▶ [Assignment]:
From the line with "La jeunesse musicale" through the line with "L'entrée à tous", repeat the entries verbatim, both end lines included, and add nothing.

▶ [Input material]:
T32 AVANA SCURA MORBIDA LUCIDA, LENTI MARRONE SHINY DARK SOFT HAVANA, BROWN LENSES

==

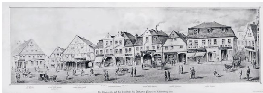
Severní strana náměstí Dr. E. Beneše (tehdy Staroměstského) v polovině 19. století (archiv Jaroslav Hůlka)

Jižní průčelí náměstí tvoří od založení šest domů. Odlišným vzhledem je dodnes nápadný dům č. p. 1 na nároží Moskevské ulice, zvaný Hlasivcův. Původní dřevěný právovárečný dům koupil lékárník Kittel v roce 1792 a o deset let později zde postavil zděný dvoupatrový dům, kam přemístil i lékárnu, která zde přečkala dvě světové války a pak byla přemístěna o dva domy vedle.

--

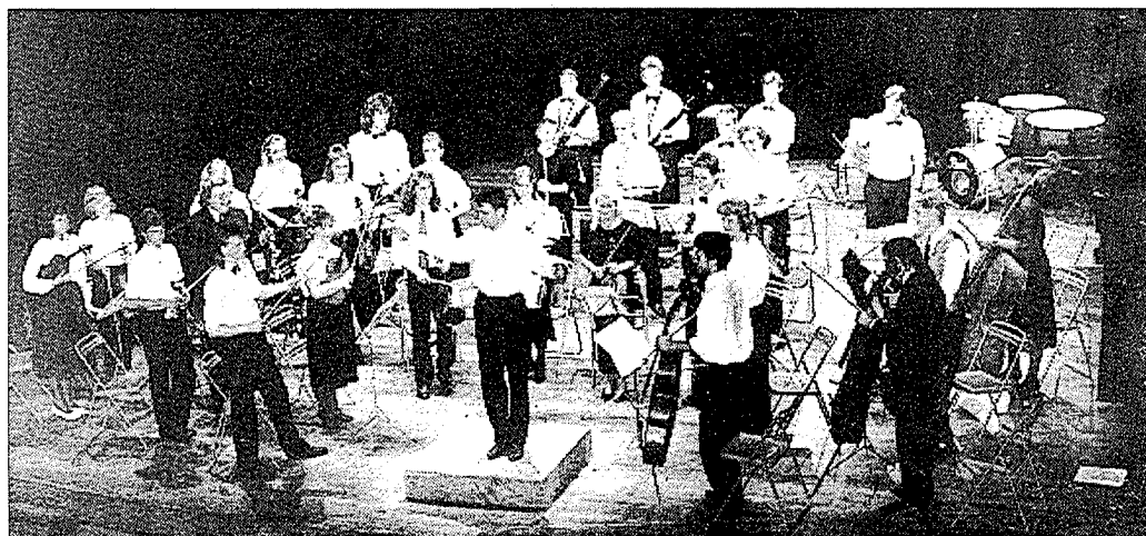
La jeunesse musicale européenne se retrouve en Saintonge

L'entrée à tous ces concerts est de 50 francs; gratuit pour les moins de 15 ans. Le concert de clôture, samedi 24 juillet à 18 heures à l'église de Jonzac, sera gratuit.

▶ [Task response]:
La jeunesse musicale européenne se retrouve en Saintonge

L'entrée à tous ces concerts est de 50 francs; gratuit pour les moins de 15 ans. Le concert de clôture, samedi 24 juillet à 18 heures à l'église de Jonzac, sera gratuit.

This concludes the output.